- _Exercise_:
Note on the material below: return exactly the lines from the line that holds "Untuk lebih menggambarkan" through the line that holds "30x22 acrylic, wax", and leave out each picture.

[[ Records provided open ]]

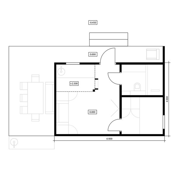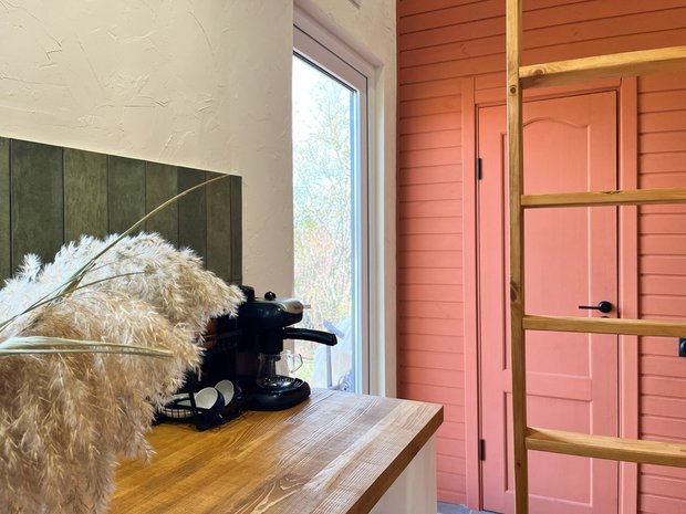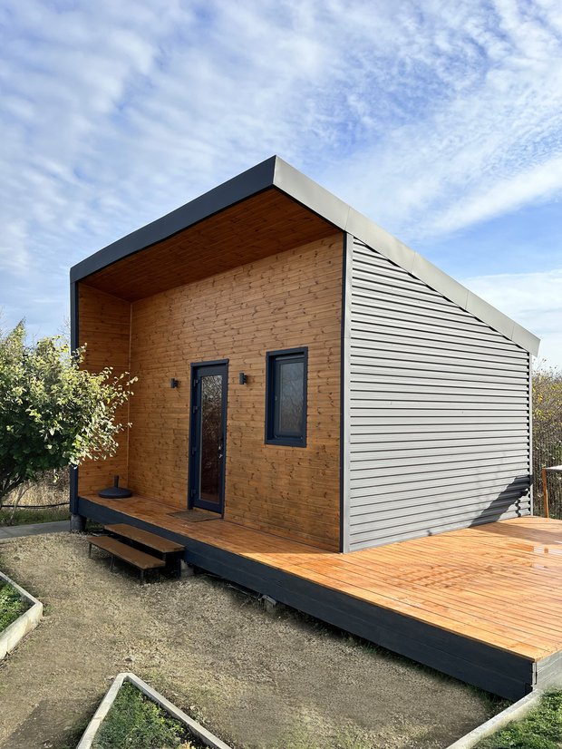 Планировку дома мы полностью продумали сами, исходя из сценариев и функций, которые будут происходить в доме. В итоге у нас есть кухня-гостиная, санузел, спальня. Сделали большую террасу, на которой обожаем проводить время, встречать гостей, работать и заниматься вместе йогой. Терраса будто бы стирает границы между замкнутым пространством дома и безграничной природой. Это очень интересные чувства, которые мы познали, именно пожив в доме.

[[ Records provided closed ]]
[[ Records provided open ]]

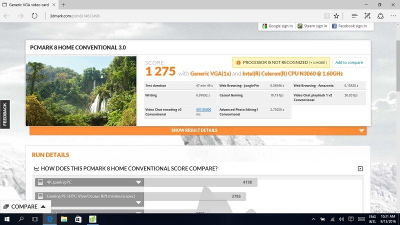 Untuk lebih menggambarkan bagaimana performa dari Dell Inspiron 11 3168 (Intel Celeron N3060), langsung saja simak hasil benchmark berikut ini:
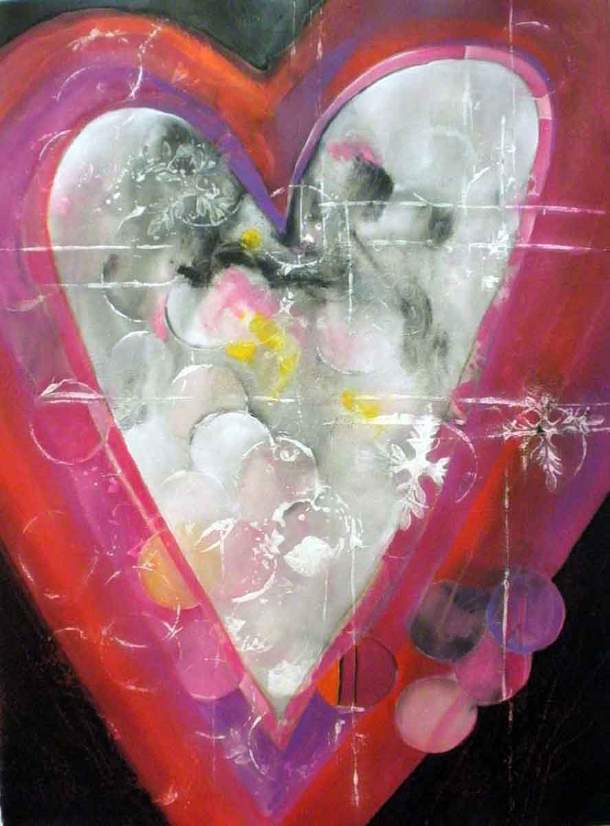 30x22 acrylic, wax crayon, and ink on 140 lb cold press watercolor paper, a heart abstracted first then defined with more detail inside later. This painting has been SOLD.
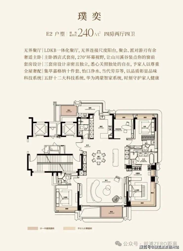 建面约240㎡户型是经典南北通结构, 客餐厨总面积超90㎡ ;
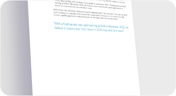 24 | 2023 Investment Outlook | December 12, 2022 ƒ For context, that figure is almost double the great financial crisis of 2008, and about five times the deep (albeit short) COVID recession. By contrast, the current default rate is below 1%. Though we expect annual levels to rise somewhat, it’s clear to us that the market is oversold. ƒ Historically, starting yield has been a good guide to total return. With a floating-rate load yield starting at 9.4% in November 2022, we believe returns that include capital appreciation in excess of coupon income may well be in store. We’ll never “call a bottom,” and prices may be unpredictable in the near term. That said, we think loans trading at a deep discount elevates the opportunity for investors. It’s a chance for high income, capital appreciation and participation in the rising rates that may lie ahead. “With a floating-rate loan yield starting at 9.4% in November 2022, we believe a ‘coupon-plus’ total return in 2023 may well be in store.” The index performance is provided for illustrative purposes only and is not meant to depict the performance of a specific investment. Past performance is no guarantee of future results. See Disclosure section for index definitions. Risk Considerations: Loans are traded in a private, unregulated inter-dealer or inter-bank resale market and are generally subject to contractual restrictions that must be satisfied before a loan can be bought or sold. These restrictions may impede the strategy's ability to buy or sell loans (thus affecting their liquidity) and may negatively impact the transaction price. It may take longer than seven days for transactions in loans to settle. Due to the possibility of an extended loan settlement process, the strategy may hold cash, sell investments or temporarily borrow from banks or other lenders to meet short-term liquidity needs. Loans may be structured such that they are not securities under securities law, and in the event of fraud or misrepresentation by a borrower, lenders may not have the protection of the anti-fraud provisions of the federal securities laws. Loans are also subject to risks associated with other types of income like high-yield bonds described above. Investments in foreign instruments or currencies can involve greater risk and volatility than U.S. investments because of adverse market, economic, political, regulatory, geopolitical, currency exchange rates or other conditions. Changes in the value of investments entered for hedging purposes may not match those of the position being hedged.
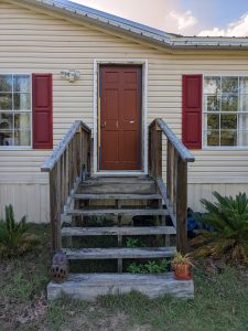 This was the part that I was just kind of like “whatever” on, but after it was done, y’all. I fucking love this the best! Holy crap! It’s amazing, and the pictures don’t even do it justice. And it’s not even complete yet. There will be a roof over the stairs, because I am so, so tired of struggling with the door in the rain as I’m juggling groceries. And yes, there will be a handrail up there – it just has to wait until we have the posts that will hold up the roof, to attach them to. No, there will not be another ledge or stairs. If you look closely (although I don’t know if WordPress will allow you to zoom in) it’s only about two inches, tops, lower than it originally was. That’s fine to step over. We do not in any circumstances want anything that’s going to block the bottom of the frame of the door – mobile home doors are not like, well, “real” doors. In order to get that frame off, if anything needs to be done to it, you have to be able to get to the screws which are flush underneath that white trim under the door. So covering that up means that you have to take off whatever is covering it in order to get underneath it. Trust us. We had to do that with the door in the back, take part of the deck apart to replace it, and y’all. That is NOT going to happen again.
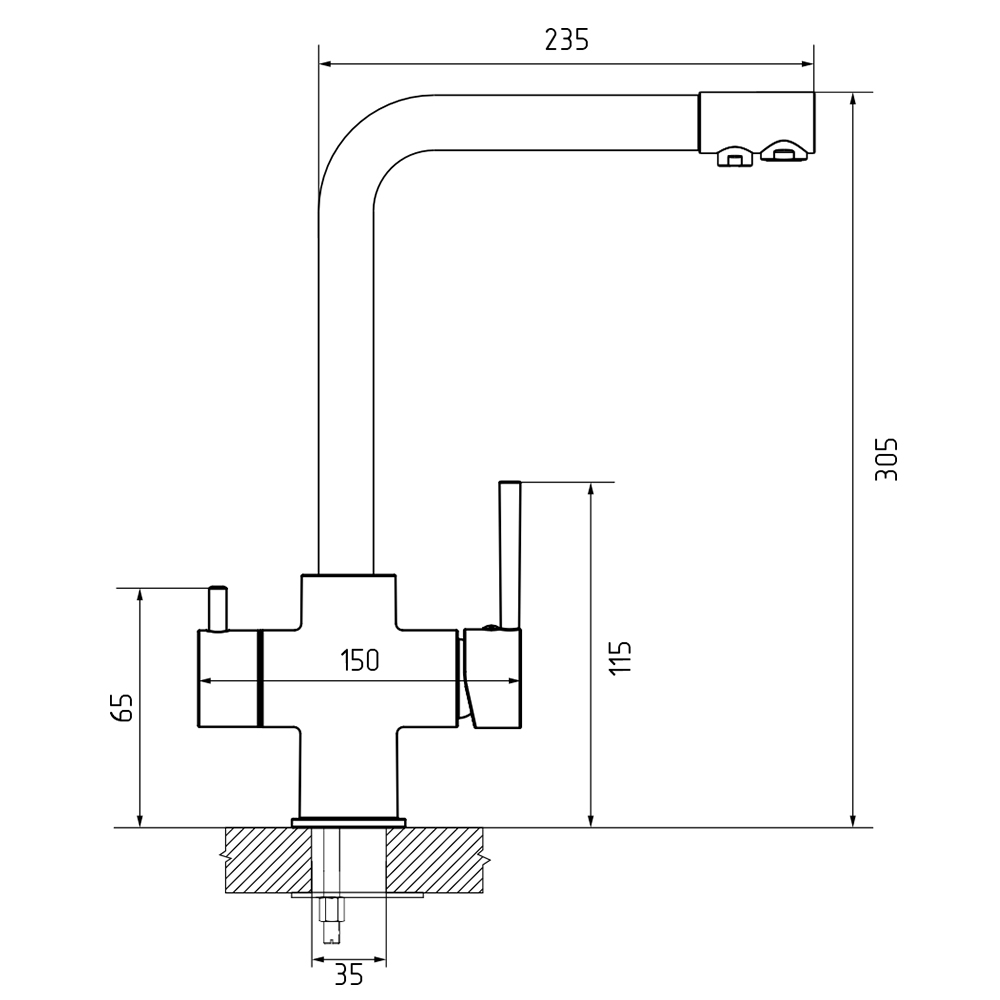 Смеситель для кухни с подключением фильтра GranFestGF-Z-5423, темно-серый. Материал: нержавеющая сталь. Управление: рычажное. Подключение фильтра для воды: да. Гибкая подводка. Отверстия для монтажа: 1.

[[ Records provided closed ]]

- _Result of this task_:
 Untuk lebih menggambarkan bagaimana performa dari Dell Inspiron 11 3168 (Intel Celeron N3060), langsung saja simak hasil benchmark berikut ini:
 30x22 acrylic, wax crayon, and ink on 140 lb cold press watercolor paper, a heart abstracted first then defined with more detail inside later. This painting has been SOLD.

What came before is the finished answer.